Set the data below down again, exactly, with every picture left out.

-- Material provided --
[Start of section]

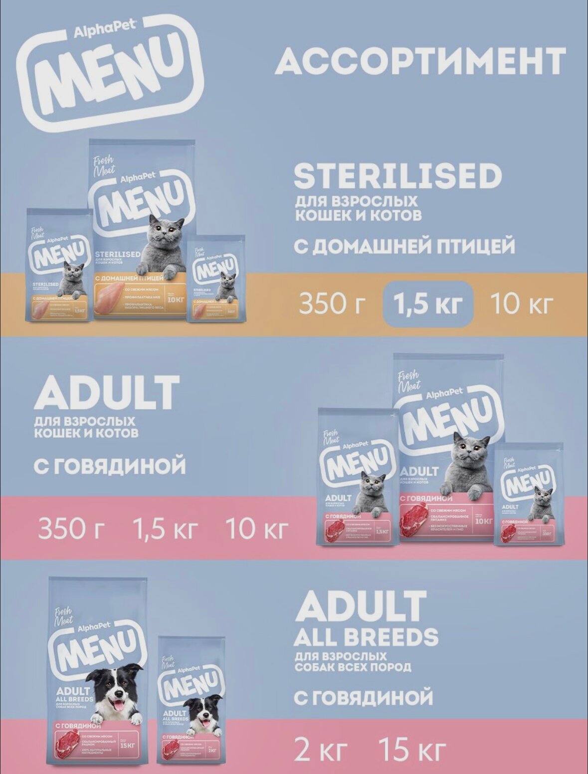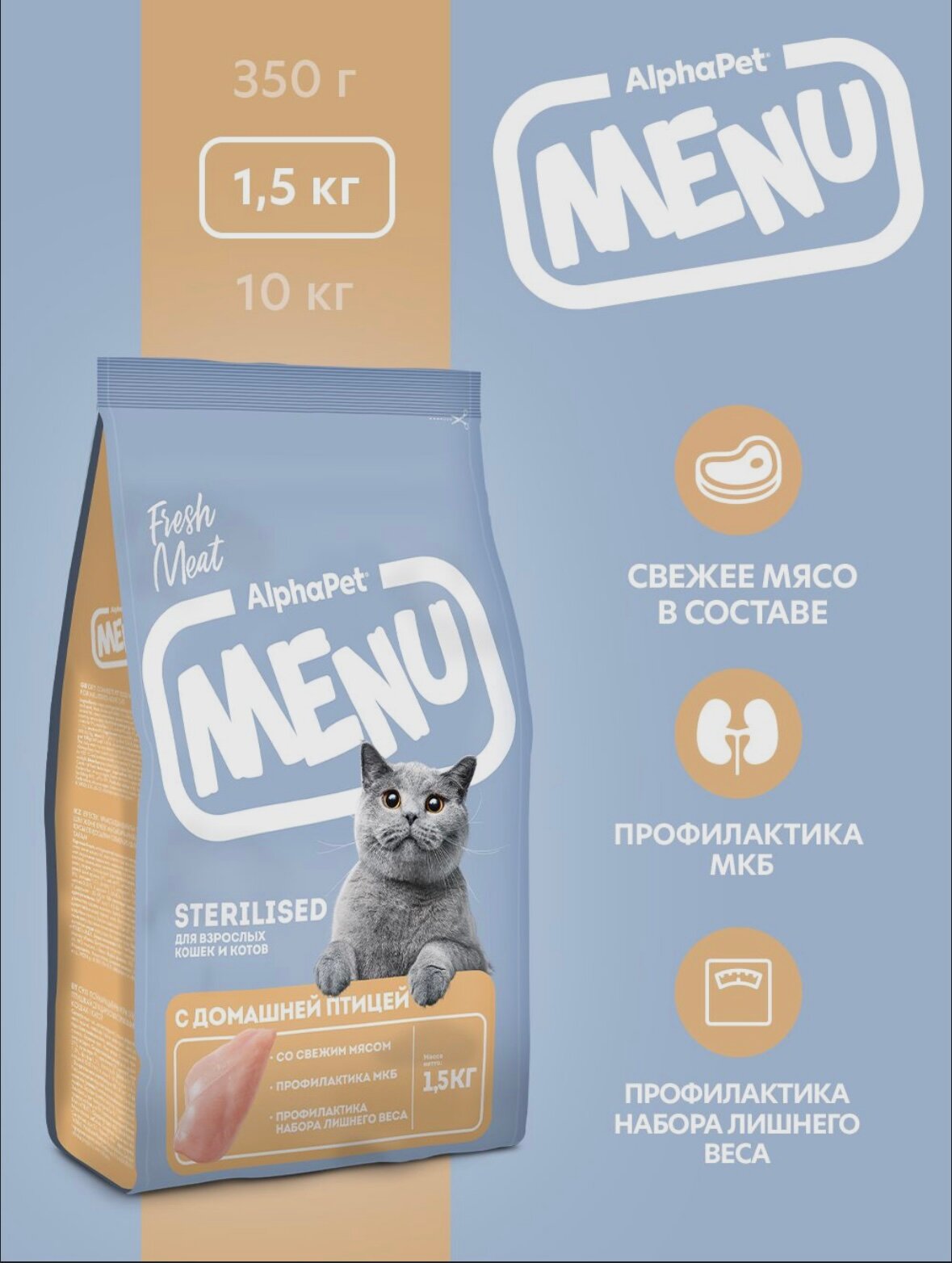 Купить ALPHAPET MENU Сухой корм для стерилизованных кошек с птицей 1,5 кг
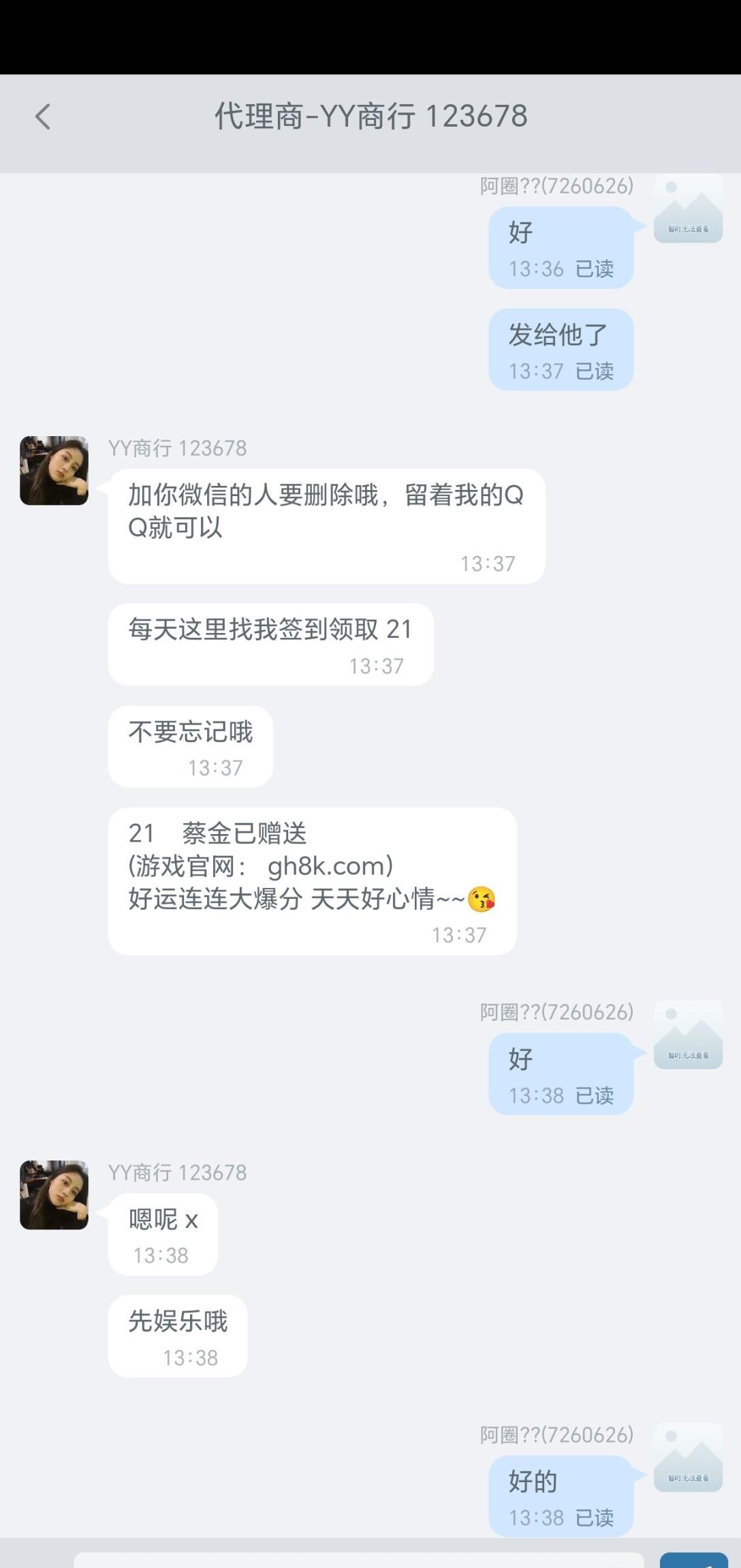 然后联系代理申请回归彩金 我的是每天21 ,在充值那个地方联系
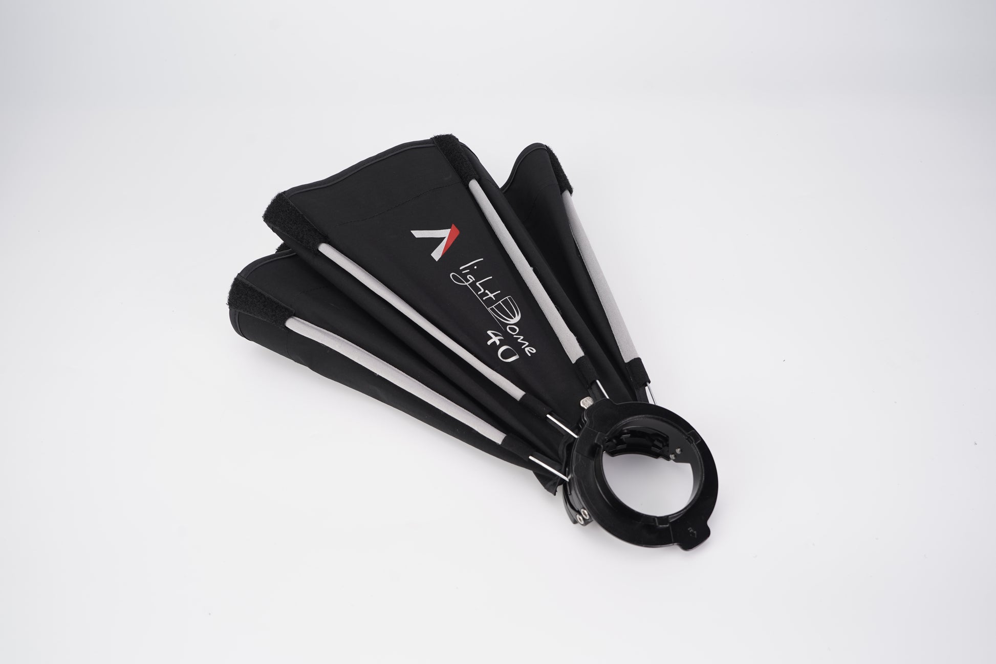 The Light Dome 40 is a round 8-corner mini soft box with a 40cm (15.75in) light surface diameter and a Mini ProLock mount ideal for usage with the STORM 80c. Featuring a highly reflective silver lining and deep parabolic design, the Light Dome 40 gives users maximum output with uniform edge-to-edge illumination. With a quick-release latch design, the Light Dome 40 can be quickly deployed or torn down without having to individually snap support rods in place. Included with the soft box are a 1stop diffusion cloth, 2-stop diffusion cloth, 45º light control grid, and a soft carrying bag.
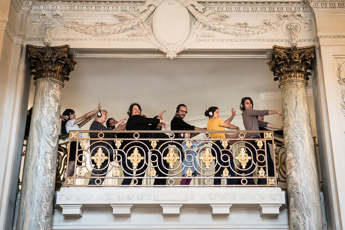 Casque sur les oreilles, les participants deviennent les interprètes d’une partition vivante, guidés par une bande-son mêlant rythmes contemporains et musiques électro de défilés de mode. Pas à pas, le public traverse l’histoire foisonnante du lieu : l’élégance des grands défilés de haute couture, les élans du salon de l’aviation, l’effervescence populaire du salon des arts ménagers, la grâce millimétrée du patinage artistique, ou encore la puissance symbolique de la cavalerie sous la verrière.

[End of section]

-- Output below --
 Купить ALPHAPET MENU Сухой корм для стерилизованных кошек с птицей 1,5 кг
 然后联系代理申请回归彩金 我的是每天21 ,在充值那个地方联系
 The Light Dome 40 is a round 8-corner mini soft box with a 40cm (15.75in) light surface diameter and a Mini ProLock mount ideal for usage with the STORM 80c. Featuring a highly reflective silver lining and deep parabolic design, the Light Dome 40 gives users maximum output with uniform edge-to-edge illumination. With a quick-release latch design, the Light Dome 40 can be quickly deployed or torn down without having to individually snap support rods in place. Included with the soft box are a 1stop diffusion cloth, 2-stop diffusion cloth, 45º light control grid, and a soft carrying bag.
 Casque sur les oreilles, les participants deviennent les interprètes d’une partition vivante, guidés par une bande-son mêlant rythmes contemporains et musiques électro de défilés de mode. Pas à pas, le public traverse l’histoire foisonnante du lieu : l’élégance des grands défilés de haute couture, les élans du salon de l’aviation, l’effervescence populaire du salon des arts ménagers, la grâce millimétrée du patinage artistique, ou encore la puissance symbolique de la cavalerie sous la verrière.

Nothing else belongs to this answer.